C7 - Part II - Terraform
Pedagogical objectives
Deploy a web site in an automated fashion
Become familiar with tools for cloud deployment and configuration management
Apply the principles of Infrastructure-as-Code and Desired State Configuration
(Optional) Use a simple CI/CD pipeline to manage your cloud infrastructure
Tasks
In this lab you will perform a number of tasks and document your progress in a lab report. Each task specifies one or more deliverables to be produced. Collect all the deliverables in your lab report. Give the lab report a structure that mimics the structure of this document.
Overview
In this lab you will deploy a web site running on a virtual machine in the cloud using tools that adhere to the principles of Infrastructure-as-Code and Desired State Configuration. The web server is NGINX and the cloud is Google Cloud.
Infrastructure-as-Code: instead of using a web console to create resources manually by clicking buttons you will describe the infrastructure you want to create in a file as code. You put this file in a Version Control System like git and you treat it as other code files.
Desired State Configuration: instead of saying "first create this, then modify that" imperatively, you will describe the desired state declaratively. A tool will determine the actual state, compare it to the desired state, and figure out by itself what needs to be done to transform the actual state into the desired state.
In the first part we provision the cloud infrastructure, i.e., we create the cloud resources (virtual machine) needed for our application. The tool for cloud provisioning is Terraform.
In the second part, we configure the virtual machine by installing a web server and its configuration files. The tool for configuration management is Ansible.
In the third (optional) part, we use Terraform in a team. For that, we need to share the Terraform state among the team members. Our solution is to store the Terraform state in a Version Control System.
Task 1: Download config files
Task 2: Create a cloud infrastructure on Google Compute Engine with Terraform
In this task you will create a simple cloud infrastructure that consists of a single VM on Google Compute Engine. It will be managed by Terraform.
This task is highly inspired from the following guide: Get started with Terraform.
Create a new Google Cloud project. Save the project ID, it will be used later.
Name: [CLDGRPXX]labgce
As we want to create a VM, you need to enable the Compute Engine API:
Navigate to https://console.cloud.google.com/flows/enableapi?apiid=compute.googleapis.com
Terraform needs credentials to access the Google Cloud API. Generate and download the Service Account Key:
Navigate to IAM & Admin > Service Accounts.
Click on the default service account > Keys and ADD KEY > Create new key (JSON format).
On your local machine, create a directory for this lab. In it, create a subdirectory named credentials and save the key under the name labgce-service-account-key.json, it will be used later.
Generate a public/private SSH key pair that will be used to access the VM and store it in the credentials directory:
ssh-keygen -t ed25519 -f [CLDGRPXX]labgce-ssh-key -q -N "" -C ""

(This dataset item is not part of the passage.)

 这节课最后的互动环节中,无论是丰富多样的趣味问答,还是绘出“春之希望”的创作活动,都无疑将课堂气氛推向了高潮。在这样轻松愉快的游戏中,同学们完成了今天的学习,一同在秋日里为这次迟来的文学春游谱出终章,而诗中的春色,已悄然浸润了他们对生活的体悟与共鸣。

At the root of your lab directory, create a terraform directory and get the backend.tf, main.tf, outputs.tf and variables.tf files (available at the end of this page) and put them there. These files allow you to deploy a VM, except for a missing file, which you have to provide. Your task is to explore the provided files and using the Terrform documentation understand what these files do.

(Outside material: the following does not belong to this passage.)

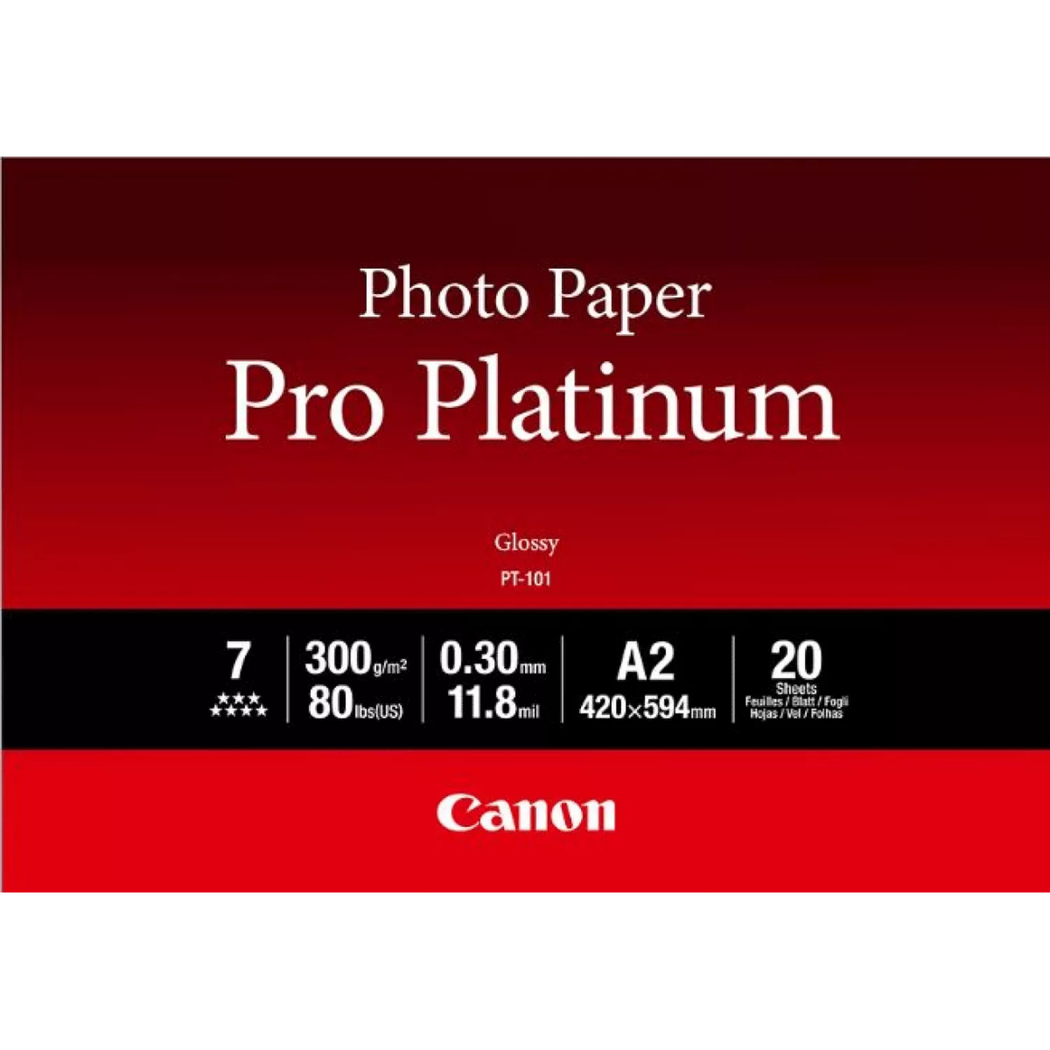 Canon PT‑101 Pro Platinum Photo Paper is the flagship glossy paper for professional photo printing. With exceptional color reproduction, deep blacks, and a luxurious glossy finish, this heavyweight paper is designed for photographers and artists who demand premium quality in large-format A2 prints.

The missing file terraform.tfvars is supposed to contain values for variables used in the main.tf file. Your task is to find out what these values should be. You can freely choose the user account name and the instance name (only lowercase letters, digits and hyphen allowed).
You should have a file structure like this:
.
├── credentials
│ ├── labgce-service-account-key.json
│ ├── labgce-ssh-key
│ └── labgce-ssh-key.pub
└── terraform
├── backend.tf
├── main.tf
├── outputs.tf
├── terraform.tfvars
└── variables.tf
There are two differences between Google Cloud and AWS that you should know about:
Concerning the default Linux system user account created on a VM: In AWS, newly created VMs have a user account that is always named the same for a given OS. For example, Ubuntu VMs have always have a user account named ubuntu, CentOS VMs always have a user account named ec2-user, and so on. In Google Cloud, the administrator can freely choose the name of the user account.
Concerning the public/private key pair used to secure access to the VM: In AWS you create the key pair in AWS and then download the private key. In Google Cloud you create the key pair on your local machine and upload the public key to Google Cloud.
The two preceding parameters are configured in Terraform in the metadata section of the google_compute_instance resource description. For example, a user account named fred with a public key file located at /path/to/file.pub is configured as
metadata = { ssh-keys = "fred:${file("/path/to/file.pub")}" }
This is already taken care of in the provided main.tf file.
You can now initiliaze the Terraform state:
cd terraform terraform init
What files were created in the terraform directory? Make sure to look also at hidden files and directories (ls -a). What are they used for?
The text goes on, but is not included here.